Da tanto consegue che, ferma restando la possibilità dei singoli Collegi di valutare le modalità di trattazione, anche allo stato non si ritiene utile, nel caso, la riunione dubitandosi fortemente che essa si risolverebbe in una concreta semplificazione dell'attività difensiva.
5. In punto spese, la procura regionale ha chiesto la compensazione delle spese, dissentendo dal giudicato di questa sezione che nelle fattispecie analoghe ha condannato il Comune al pagamento delle spese processuali sostenendo che la novità delle questioni e la necessità di agire a carico della procura a causa delle anomalie riscontrate consistenti nel mancato adeguamento della situazione di fatto a quella di diritto e nella quantità di possessori morosi, costituirebbero motivi idonei a giustificare la compensazione delle spese, da applicarsi, nel caso di rigetto degli odierni giudizi.
Talune parti costituite hanno invece richiesto la liquidazione delle spese processuali sulla base dei tariffari vigenti- sia pure in misura ridotta- attesa l'attività istruttoria espletata, per ciascun giudizio, in supplenza dell'organo requirente.
Il Collegio - pur tenendo conto delle motivazioni addotte dalle parti- ritiene tuttavia dissentire dalla posizione sostenuta da ciascuna di esse e ribadire la scelta già fatta nei precedenti giudizi in ragione del fatto che le memorie costitutive hanno un contenuto perfettamente sovrapponibile e identico con quanto rappresentato negli scritti difensivi prodotti negli giudizi già trattati a dimostrazione della serialità e ripetitività degli argomenti trattati, che comporta, ad avviso del collegio, la riduzione significativa della quantificazione delle spese, anche rispetto ai minimi stabiliti dalle tariffe vigenti, così come va pure rigettata la richiesta di "compensazione" formulata dalla procura nelle "note" a verbale, non ravvisando i motivi per l' applicazione della stessa.
In definitiva si ritiene equo confermare il compenso professionale per l'attività svolta nel presente giudizio alla stregua del quantum liquidato nei giudizi successivi a quelli definiti con le sentenze 76 e 78 del 2017.
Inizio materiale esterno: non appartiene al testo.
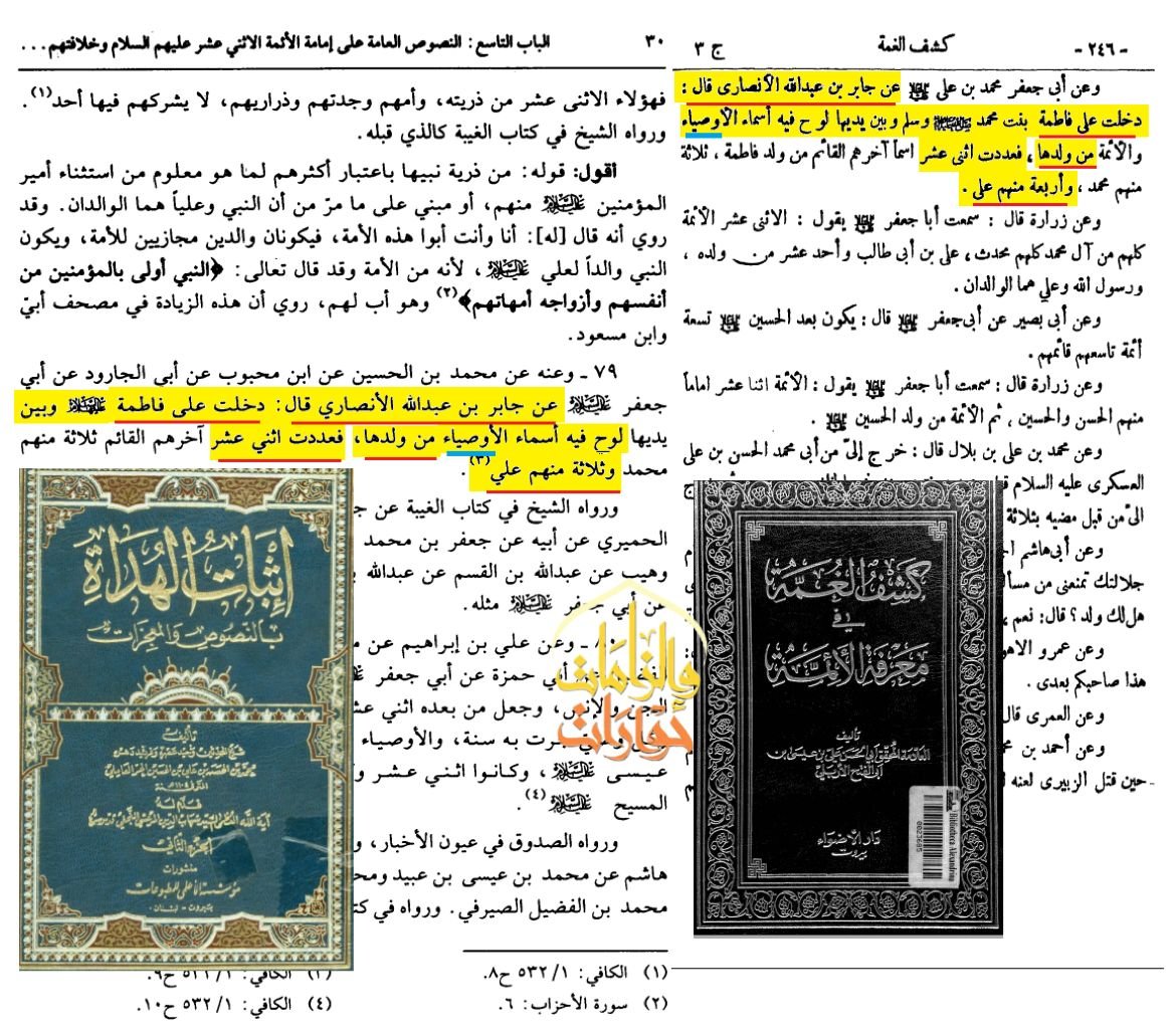 عن جابر بن عبد اللّه الأنصاري قال‌: دخلت على فاطمة عليها السلام و بين يديها لوح فيه أسماء الأوصياء من ولدها، فعددت اثني عشر آخرهم القائم ثلاثة منهم محمد و ثلاثة منهم علي‌
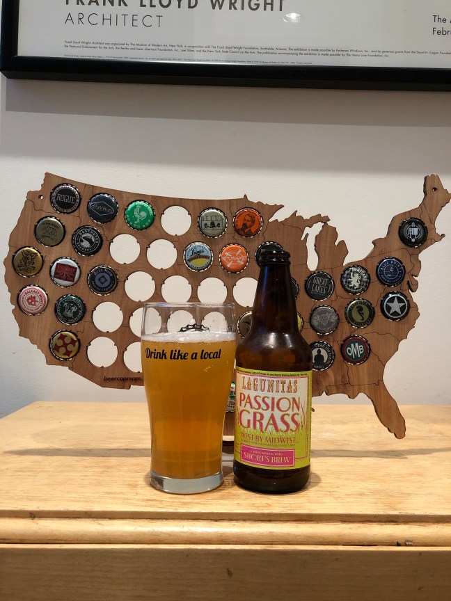 Purchased Lagunitas Brewing Company & Short’s Brew Passion Grass North By Midwest, 4.6% ABV from the local Harris Teeter grocery store. Passion Grass North By Midwest is a pale ale and pours a yellow color with a bright one finger white head that gives off very faint hop aroma with sour, tart grassy aromas that then lead into a bitter, sour, fruity lemon, tropical, grassy, flavor that finishes with a tart bitterness and a fruited tart bitter after taste with a light mouth feel. Lagunitas Brewing Company & Short’s Brew Passion Grass North By Midwest is not good I give this a F+. The tart sour flavor do not blend well with the bitterness of the pale ale. No it’s not good, it taste more like fresh fruit that has gone past it ripeness and is spoiling. No I don’t recommend that you try Lagunitas Brewing Company & Short’s Brew Passion Grass North By Midwest, it is bad but I did finish my twelve ounces and I will not go back to it! Cheers! Please enjoy responsibly!
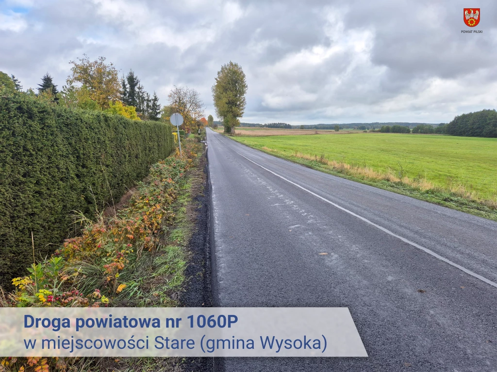 W ramach planu modernizacji dróg powiatowych na 2025 rok, kolejne odcinki zyskują nową jakość. Zakończono właśnie prace przy przebudowie drogi powiatowej nr 1060P w miejscowości Stare (gmina Wysoka).
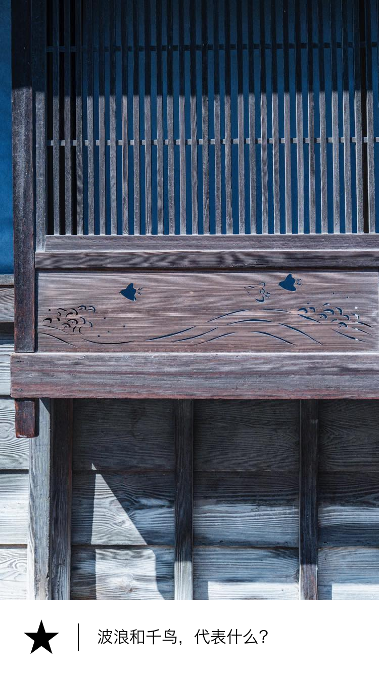千鸟象征着婚姻美满、家庭平安,与波浪的结合表达了对小镇居民幸福安康的祝福。

Le spese legali si liquidano quindi nella misura di Euro. 200,00 (duecento/00) a favore di ciascuna parte convenuta.
P.Q.M.
La Corte dei Conti - Sezione giurisdizionale per la Regione Lazio, ogni contraria istanza ed eccezione reiette, definitivamente pronunziando,
DICHIARA:
l'inammissibilità delle note a verbale prodotte in udienza nei sensi e limiti di cui in motivazione;
RIGETTA:
- la domanda del P.R. e, per l'effetto, assolve le parti convenute in epigrafe dalla domanda attrice;
- l'istanza della parte convenuta per l'applicazione dell'art. 96 3 comma c.p.c..
Le spese legali si liquidano nella misura di Euro.200,00 a favore di ciascuna parte convenuta, oltre spese generali, IVA e CAP.
Così deciso in Roma, nella Camera di consiglio del 6 luglio 2017.
Depositata in Cancelleria 3 agosto 2017.